Cryptocurrency Madness = Tulipmania 2021?

This kind of interconnected action has spread. It has, in part, ultimately transformed the current cryptocurrency market into a 21st century version of Holland’s legendary Tulipmania bust. That investing debacle was painfully explored in Charles Mackay’s 1841 classic “Extraordinary Popular Delusions and the Madness of Crowds.”

For those not familiar with this still-praised book, one of its central stories focused on the fancy Tulipmania craze in which Dutch and international investors alike spent higher and higher sums on the latest rare tulip bulbs… Until no one wanted them anymore at those prices. At which point, tulips crashed so hard that anyone in too deep in this “investment” was wiped out. Hence the legendary cautionary tale of Tulipmania still serves as a key lesson for budding financial analysts and planners as what NOT to do with your customers’ money.

Unsurprisingly, the waxing and waning of the current cryptocurrency craze looks to me a lot like Mackay’s Tulipmania. And such investment crazes never ends well. Particularly for the little guys who get into the “investment” at the last moment. Logically, when the bottom swiftly falls out of the latest hot speculation, these poor “investors” – the “bagholders” – are left holding the proverbial bag, as the late Joseph Granville used to preach. “So don’t be a bagholder,” he frequently proclaimed. He always kept Tulipmania in mind.

Where are we going with this? Simple.

The recent, insane downside action in techs, intensified by the constant touts emanating from Cathie Wood, joined with the Bitcoin etc. crowd at the hip. When Wood, Musk and a host of other very rich persons chose to dump these holdings, even in part, they quickly crashed the same “investments.”

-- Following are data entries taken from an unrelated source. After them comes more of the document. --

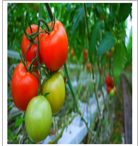
GAMBAR BUAH TOMAT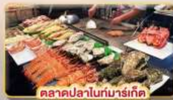
ตลาดปลาโนกั่มาร์เก็ต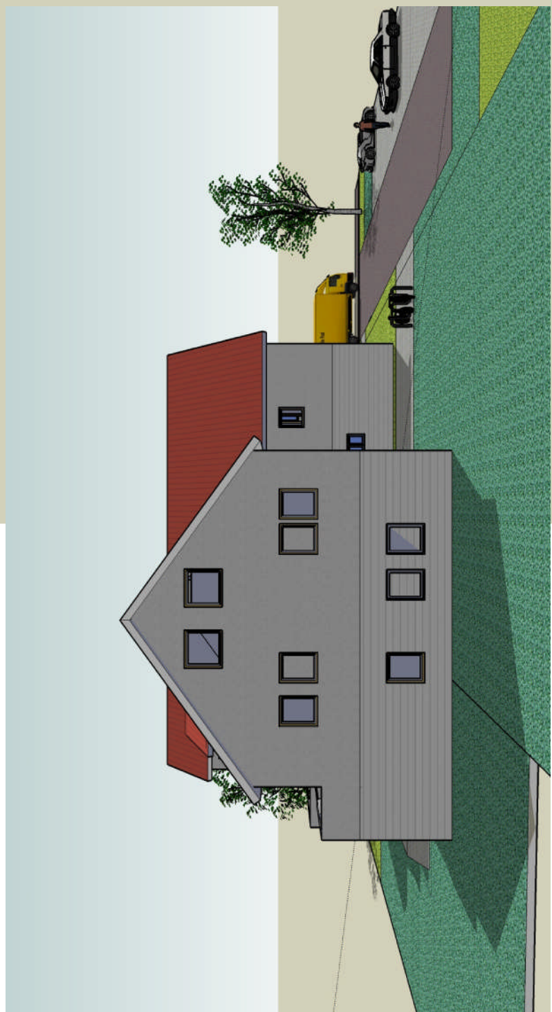
Ansicht Nordseite (Gartenseite)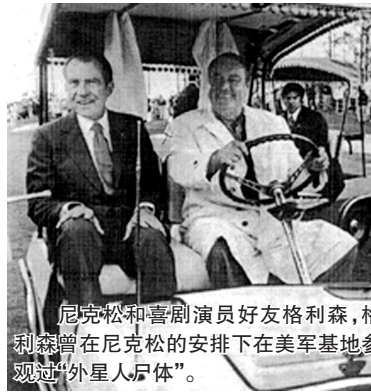
尼克松和喜剧演员好友格利森，格利森曾在尼克松的安排下在美军事基地参观过“外星人尸体”。

古德还披露，因“水门事件”而下台的美国前总统尼克松也知道外星人的存在，一次他曾秘密安排自己的好友、美国喜剧演员和音乐家杰基·格利森到佛罗里达州霍米斯泰德空军基地观看了一些外星人的尸体，据称格利森被他看到的东西惊呆了，他的精神受到了巨大的震撼。格利森已于1987年去世，格利森的前妻比弗莉·格利森3年前打破多年沉默，披露她和格利森离婚前，格利森的确向她披露过他在尼克松安排下在霍米斯泰德空军基地观看了外星人尸体的内幕。 阿尔编译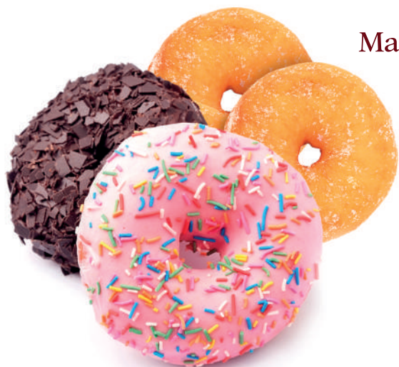
Massa para Donut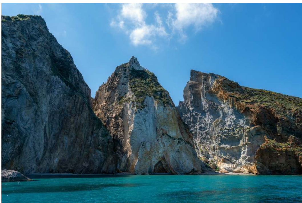
Palmarola vista desde el mar

NOTA: Recuerden que la playa de Palmarola no tiene servicio de recogida de basura: todo lo que traigan a la isla debe ser llevado de vuelta a bordo y desechado al regresar a Ponza. Vuelvan al barco con los pies enjuagados sin piedrecitas.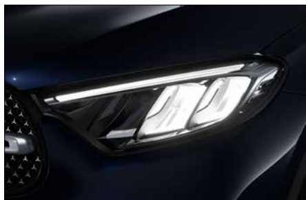
標準型 LED 頭燈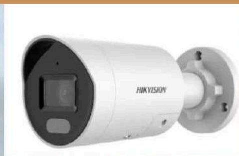
Caméra bullet HIKVISION Vision de nuit 60m Full HD de jour comme de nuit Muni d'une IA Sirène et flash lumineux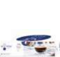
Tasse espresso Design La Racine

6435 01 H : 5,5 cm ø : 7,3 cm Cl : 10 / Oz : 3,53 6 1890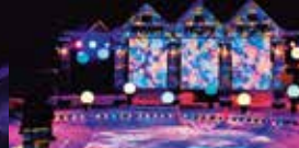
プロジェクションマッピング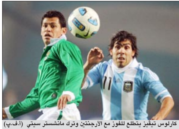
كارلوس تيفيز يتطلع للفوز مع الأرجنتين وترك مانشستر سيتي

اعلن مهاجم منتخب الأرجنتين كارلوس تيفيز انه يريد ترك ناديه مانشستر سيتي الإنجليزي لأسباب عائلية في بيان رسمي، واعتبر تيفيز انه لا يستطيع العيش في شمال إنجلترا بعيداً عن ابنتيه، وجاء في البيان «اريد ان اكون اقرب اليهما وان اقضي وقتاً أطول معهما»، وأضاف «العيش في مانشستر من دونهما كان تحدياً كبيراً بالنسبة لي، فكل شيء اقوم به من أجل ابنتي الاثنتين»، وتابع «اريدهما ان تكونا سعيدتين وبالتالي اريد ان اكون في مكان يتأقلمان فيه، وأمل من الناس ان تفهم الظروف الصعبة التي عشتها في الشهر الـ 12 الاخيرة فيما يتعلق بعائلتي»، وأضاف البيان «اعلن وبأسف كبير انه يجب علي ان اترك نادي مانشستر سيتي، واريد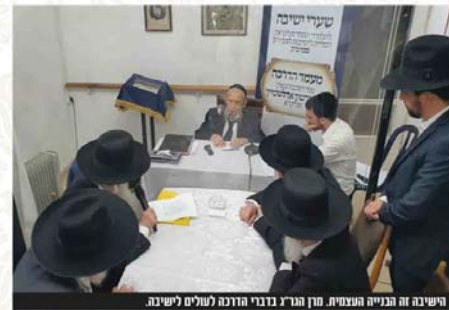
הישיבה והבנייה העצמית. מרון הגר"ג דברי הדרכה לעולים לישיבה.

שאלה: כמה בחור צריך לחפש קשר עם הרבנים? והשיבה? מרון שליט"א: חשוב מה שיותר.

When this downside intensified, the continuing downside action in Big Tech, again precipitated by a pair of failed hedge fund margin calls (one of them a “family” fund) and worsened by Cathie Wood’s ongoing and subsequent dump-a-thons and Musk’s usual erratic investing behavior, it took stocks with them. And the action merely intensified this week. Selling accelerated as rumors percolated out of The DC Swamp that the Fed would “soon tighten” interest rates. Such a move would end the Biden gravy train. And, of course, it could lead to an instant replay of the Great Recession. Or so the rumor mongers claim.

But each time these rumors float, stocks go nuts. And people like Wood and Musk are always happy to goose the current trend on its way, since they’ve usually positioned to trade counter-trend in advance. I always thought this kind of activity was at least faintly illegal. But apparently, government regulatory agencies don’t much care.

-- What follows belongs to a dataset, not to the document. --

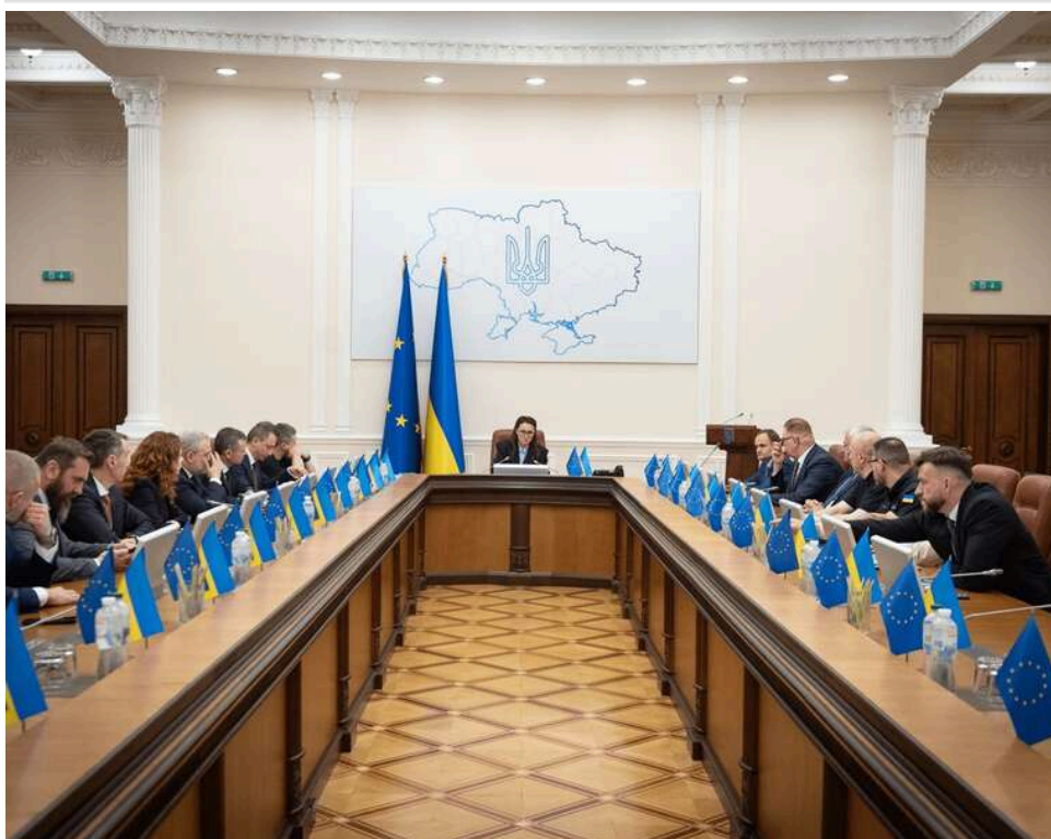
Кабмін викинув ключові реформи з антикорупційної стратегії: Радіна заявила про зрив євроінтеграційних обіцянок

Кабінет Міністрів подав свій проєкт антикорупційної стратегії, з якого вилучили найважливіші реформи. Уряд Свириденко фактично проігнорував ключові євроінтеграційні зобов'язання, які Україна взяла на себе в комюніке Качки-Кос.

The rich seem to get richer. A familiar refrain…

So on we go. The rich always seem to get richer. But the less-rich watch their IRAs and personal investment accounts crumble at a horrifying clip.

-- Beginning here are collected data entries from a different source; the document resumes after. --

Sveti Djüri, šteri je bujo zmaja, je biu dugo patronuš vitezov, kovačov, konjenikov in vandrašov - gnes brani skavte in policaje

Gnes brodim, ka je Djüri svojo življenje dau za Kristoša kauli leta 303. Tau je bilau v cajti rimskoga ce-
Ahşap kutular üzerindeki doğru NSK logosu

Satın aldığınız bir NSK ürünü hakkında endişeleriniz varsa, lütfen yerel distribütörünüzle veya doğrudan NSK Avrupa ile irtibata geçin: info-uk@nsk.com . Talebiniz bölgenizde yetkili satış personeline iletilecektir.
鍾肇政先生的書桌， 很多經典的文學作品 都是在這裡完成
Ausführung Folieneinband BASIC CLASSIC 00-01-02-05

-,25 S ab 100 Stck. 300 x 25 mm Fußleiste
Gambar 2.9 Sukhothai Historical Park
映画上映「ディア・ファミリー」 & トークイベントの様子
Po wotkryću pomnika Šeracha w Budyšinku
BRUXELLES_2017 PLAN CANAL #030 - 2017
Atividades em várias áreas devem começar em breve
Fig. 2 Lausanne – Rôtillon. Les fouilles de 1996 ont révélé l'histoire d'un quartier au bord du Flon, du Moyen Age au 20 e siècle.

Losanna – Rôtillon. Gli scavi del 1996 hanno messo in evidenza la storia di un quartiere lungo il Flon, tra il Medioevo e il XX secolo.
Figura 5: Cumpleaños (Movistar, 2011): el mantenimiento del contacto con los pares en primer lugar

Thursday’s trading action looked fairly awful before the 9:30 a.m. ET opening bell on Wall Street. Today’s trading looked to build on Wednesday’s perfectly awful stock market smackdown. But soon after launching on the downside, stocks – particularly those beaten down techs – did a 180. As of the noon hour Thursday, both the tech-heavy NASDAQ and the broad-based S&P 500 indexes were up over a point in active trading. The NAZZ, in fact, is now trading up nearly 1.6%.

Even the Dow Jones 30 Industrial Average remains ahead 0.66% as it tries to catch up to the other two. Looks sunny. Some of the inspiration seems to be a positive job report out of DC today, according to several news sources.

Ah, but let’s not get complacent. CNBC reports that current Treasury Secretary Janet Yellen is addressing that cryptocurrency problem we just discussed. Will we finally impose some sanity on this out-of-control virtual slot machine?

Am I serious?

Actually, Yellen is calling for “stricter” ways to TAX cryptocurrency transactions. That’s right. To hell with whether these virtual currencies are useful or even legal investments that the average consumer can rely on. Let’s just make sure that the Virtual Biden Administration can tax the crap out of any profits that result. Regarding the larger issue of lousy touts and fairness? The small investor still ends up wiped out by any bad move. No comment there.

Ladies and gentlemen, the Orange Santa Claus has definitely left the building. And bitcoin Tulipmania still lives, 2021 or not.